Mendoza promised that he would, and as the judge wandered off to speak to a group of lawyers, he saw Elena with the corner of his eye, gracefully maneuvering her way through the crowd toward him with her maidservant, like the figurehead of a ship.
“Licenciado Mendoza!” she said. “You have descended from the mountains. Have you brought the stone tablets with you?”
“Unfortunately, I was unable to find them, Doña Elena.” He bowed. “I returned yesterday.”
“But was your mission successful?”
“As much as could be expected.”
“Well, your return is fortuitous,” she said, fluttering her fan. “On Wednesday we are having some entertainment at my house. There will be music, poetry and dancing. Will you come and play the vihuela for us?”

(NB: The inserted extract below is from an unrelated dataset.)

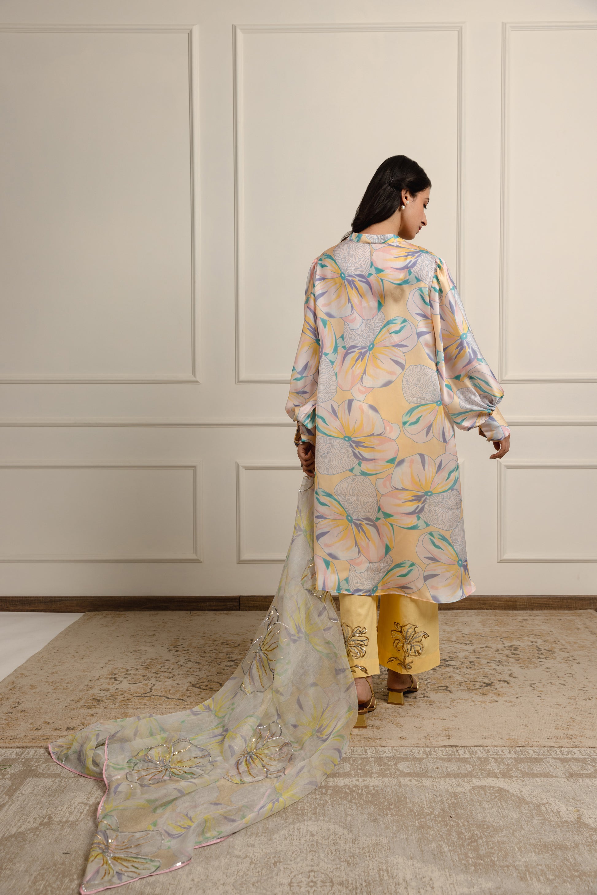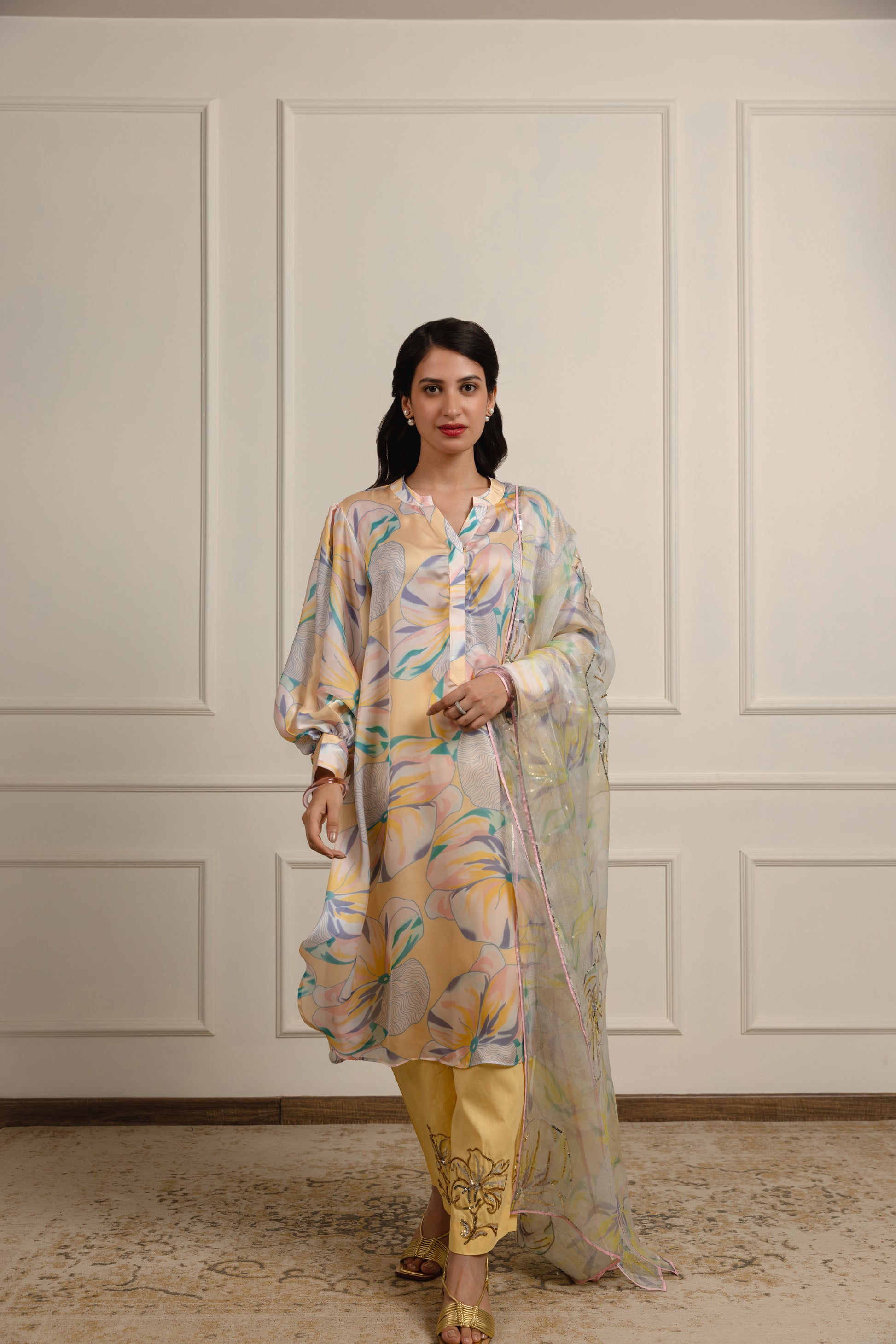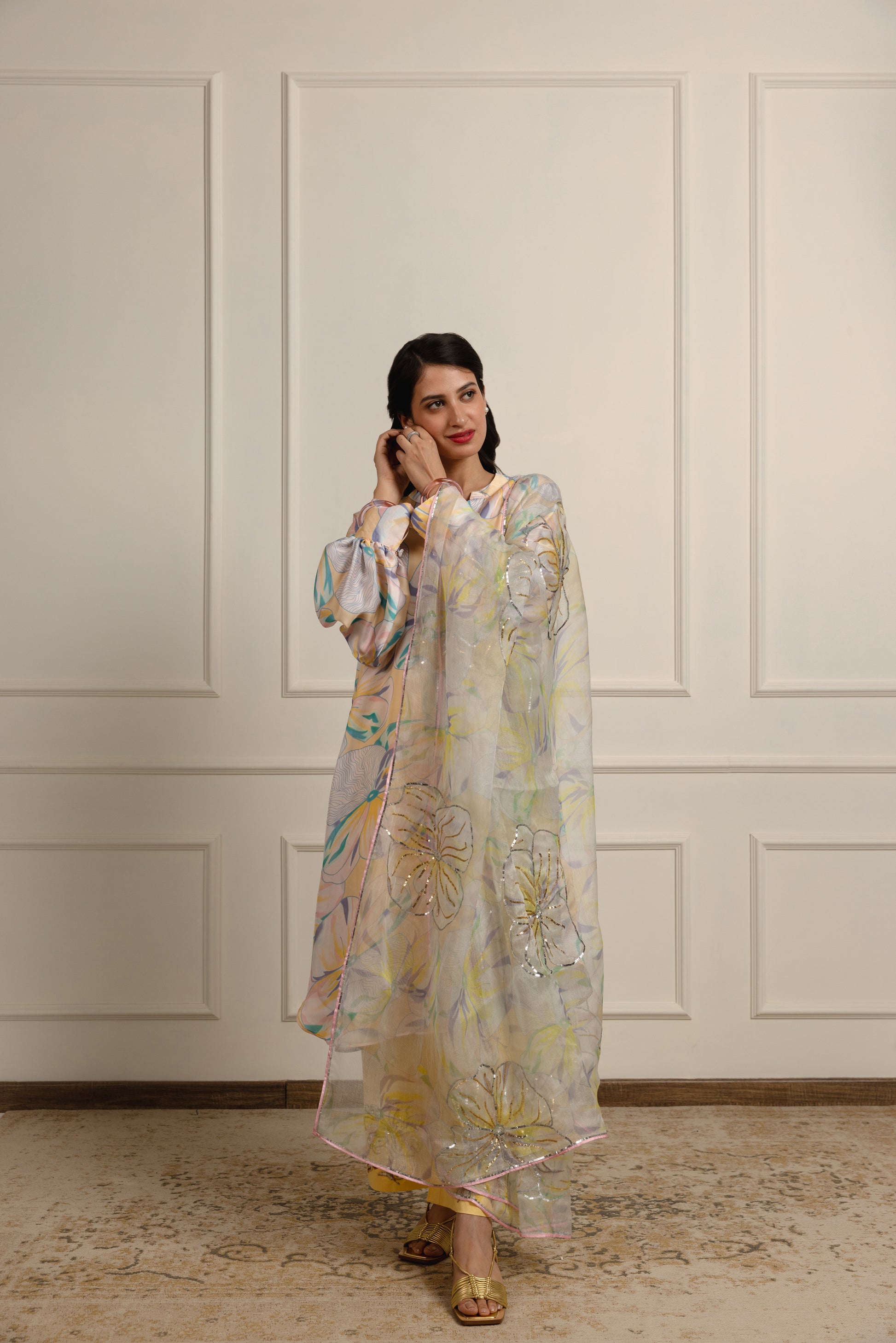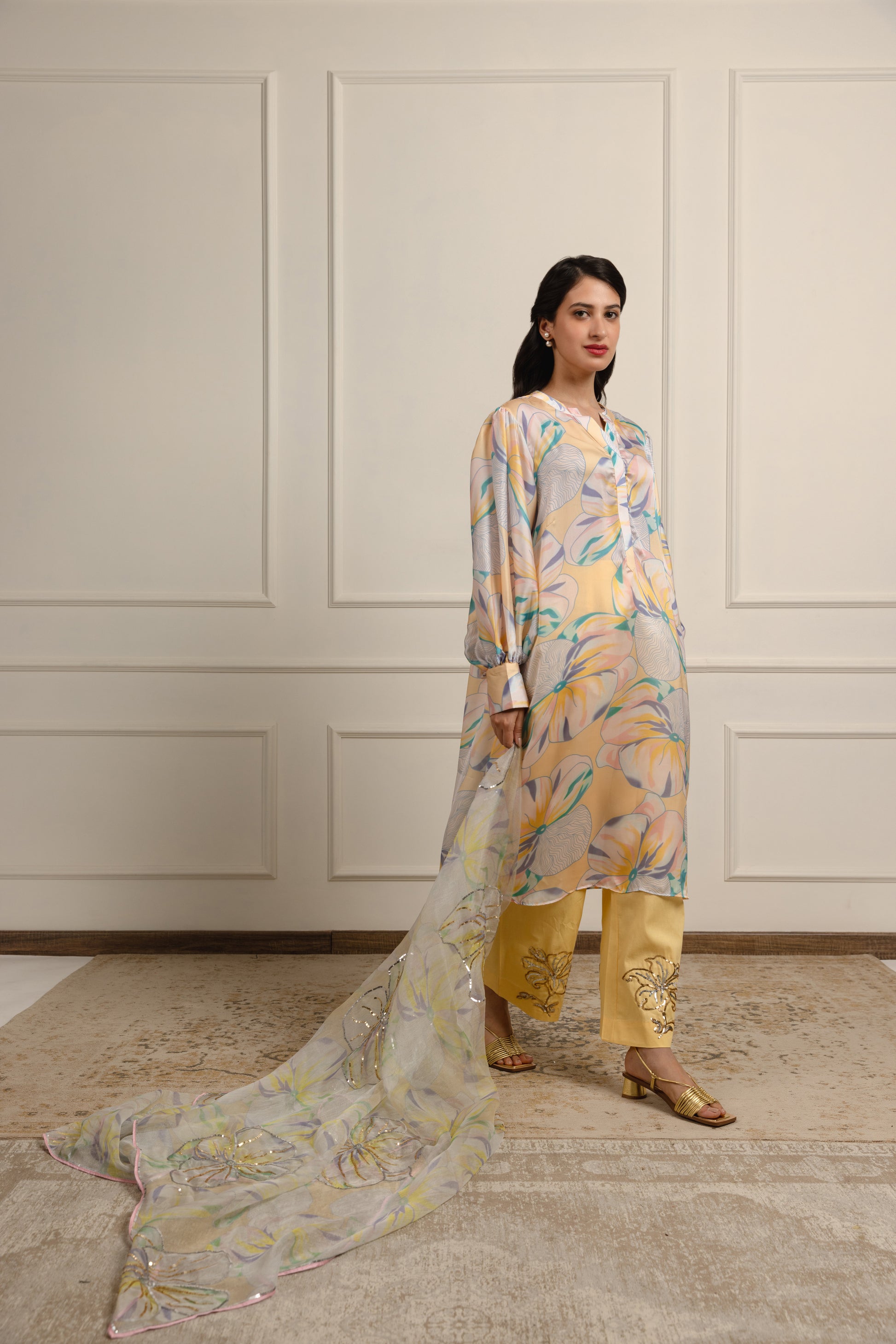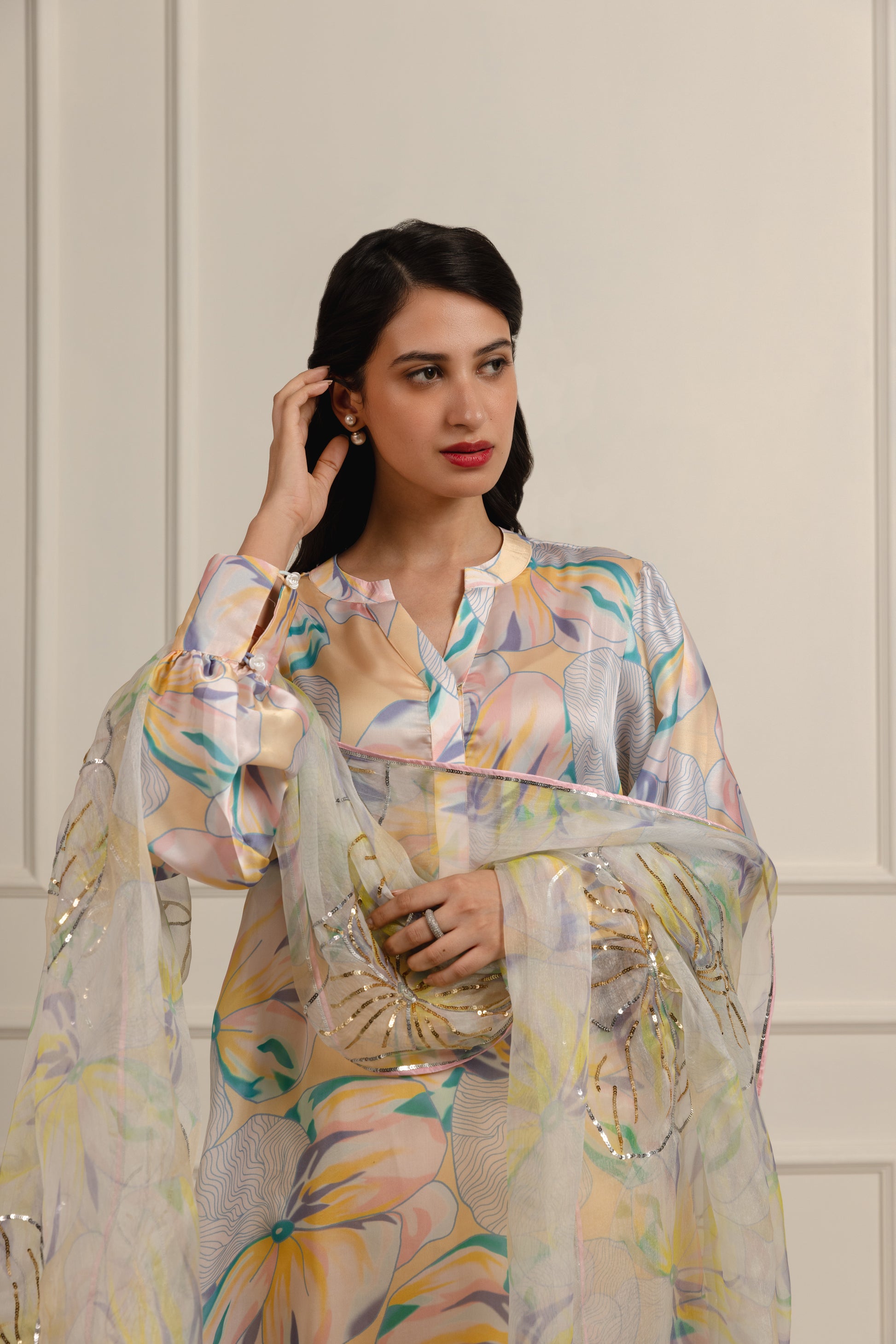 Abstract peony printed silk satin peasant shirt styled kameez paired with poplin pants and printed dupatta embroidered with sequins and diamante.

“Duty permitting, madam,” he said with the faintest of smiles.
“I hope it does,” she said, lowering her voice. “Because my vihuela needs tuning, and no fingers have touched its strings in your absence.”
Mendoza nodded gravely and said that he would he happy to make them sing again. He watched her leave and then moved lightly across the vast square, tapping his stick, with his black cloak trailing behind, scanning the arches and nooks and crannies in search of vice and crime as the cathedral bells rang out in celebration and the fragment of an old poem flashed through his head—“Do not be late, for I am dying, jailer / Do not be late, for I am dying”—and another voice answered back, in time with the bells, Not yet, not yet.